(Beginning of Data extract)
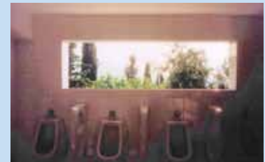
The surprisingly scenic toilets (urinals, actually...) at Maryemana, on a mountain above Ephesus, in western Turkey. There's a better image at: http://www.urinal.net/svm/
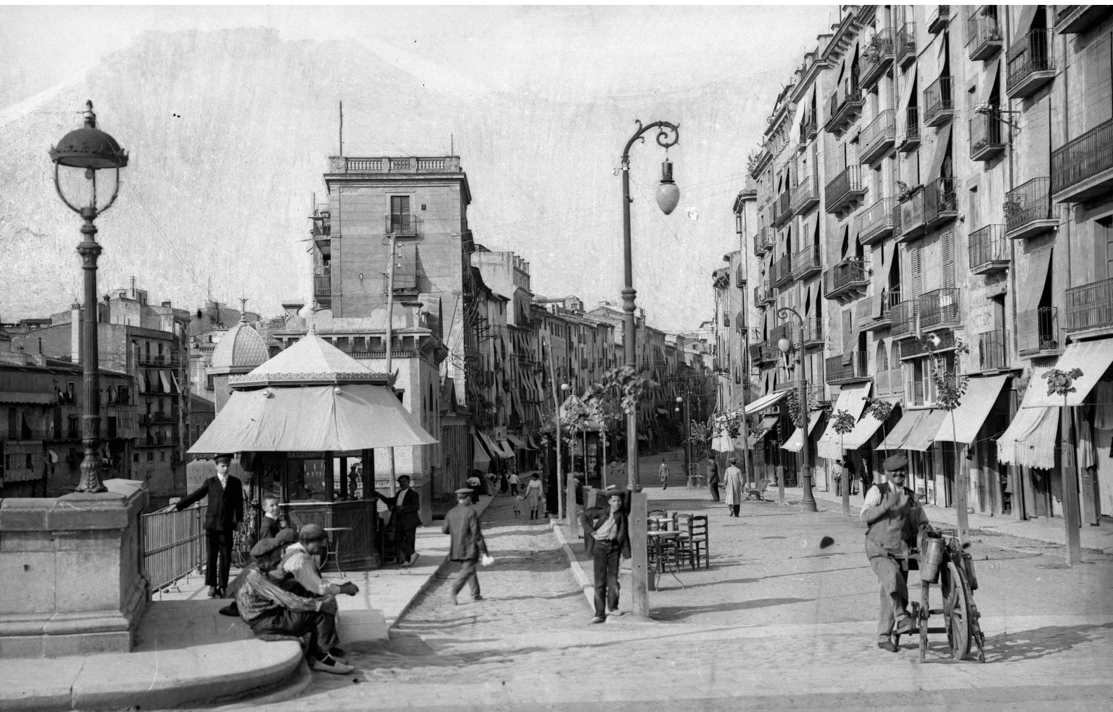
>> Esmolet al començament de la rambla de la Llibertat, 1910-1912.

Raons d'espai em priven de continuar, i això que m'agradaria parlar d'altres funcions curioses, esguardades des del present. Dels ordinaris, la majoria sense mitjà de locomoció propi, que anaven i venien regularment d'un lloc a l'altre en transport públic i feien els encàrrecs, les compres i els lliuraments que els encomanaven, sempre amb el mocador de fer farcells (on duïen els paquets) penjat a l'esquena. Dels enllustradors ambulants, amb llur caixeta de fusta d'ampla nansa al mig i tapa a banda i banda, d'on treïen betums, llustres, tints, raspalls, draps i camusses. Dels burots, uns modestos funcionaris municipals encarregats de cobrar els drets d'entrada de certs productes, que em recorden l'antic privilegi gironí (xv-xix) de la mitja lleuga (la prohibició de vendre certs articles a menys de mitja llegua de les muralles per evitar els impostos que pagaven els comerciants de la ciutat). Del reconstruït de la serp, un venedor d'ungüents
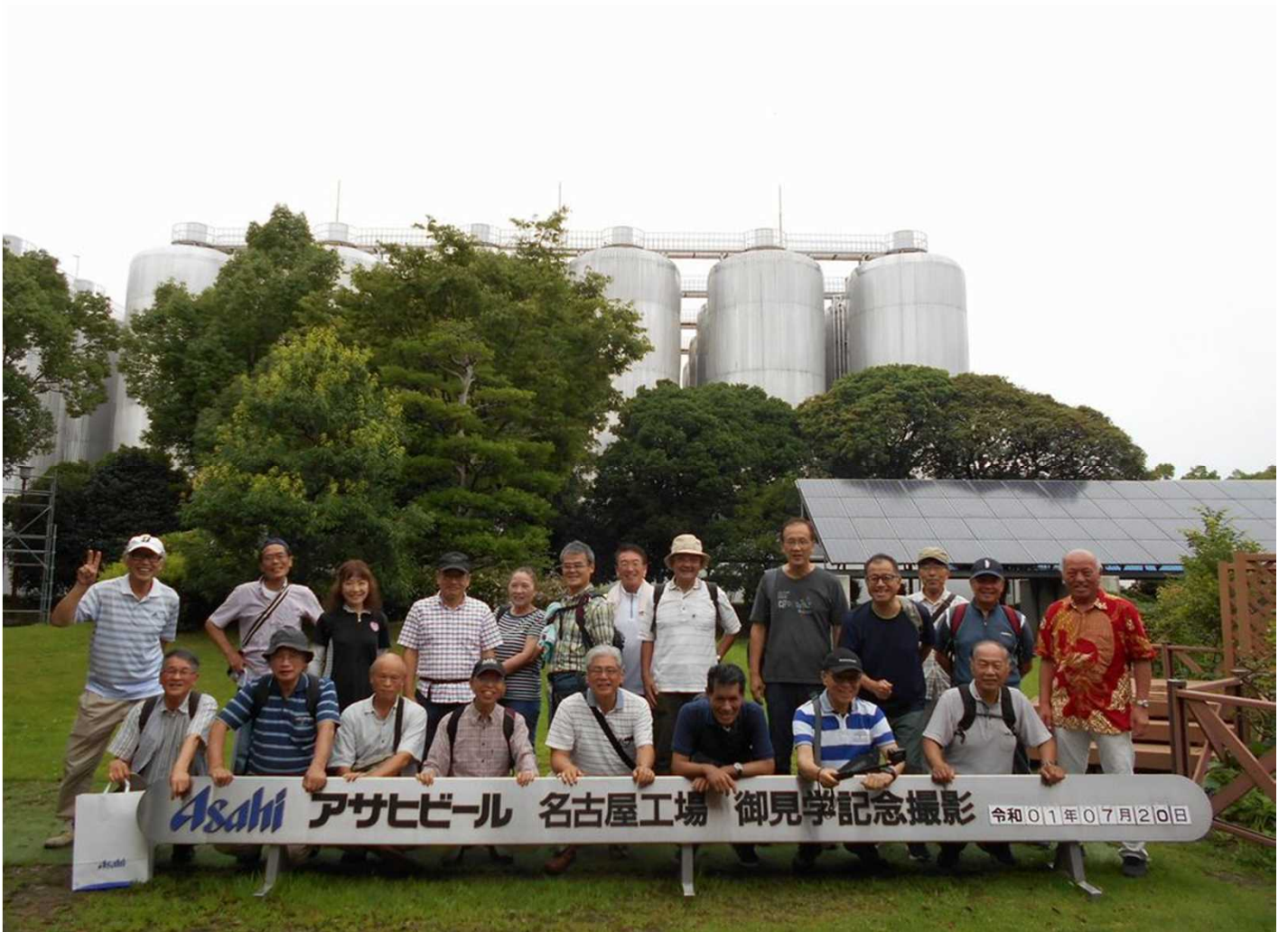
1226 アサヒビール 名古屋工場で参加者の全員写真
(End of Data extract)
Please output the listing above in full, exactly as given, without its images.

The surprisingly scenic toilets (urinals, actually...) at Maryemana, on a mountain above Ephesus, in western Turkey. There's a better image at: http://www.urinal.net/svm/
>> Esmolet al començament de la rambla de la Llibertat, 1910-1912.

Raons d'espai em priven de continuar, i això que m'agradaria parlar d'altres funcions curioses, esguardades des del present. Dels ordinaris, la majoria sense mitjà de locomoció propi, que anaven i venien regularment d'un lloc a l'altre en transport públic i feien els encàrrecs, les compres i els lliuraments que els encomanaven, sempre amb el mocador de fer farcells (on duïen els paquets) penjat a l'esquena. Dels enllustradors ambulants, amb llur caixeta de fusta d'ampla nansa al mig i tapa a banda i banda, d'on treïen betums, llustres, tints, raspalls, draps i camusses. Dels burots, uns modestos funcionaris municipals encarregats de cobrar els drets d'entrada de certs productes, que em recorden l'antic privilegi gironí (xv-xix) de la mitja lleuga (la prohibició de vendre certs articles a menys de mitja llegua de les muralles per evitar els impostos que pagaven els comerciants de la ciutat). Del reconstruït de la serp, un venedor d'ungüents
1226 アサヒビール 名古屋工場で参加者の全員写真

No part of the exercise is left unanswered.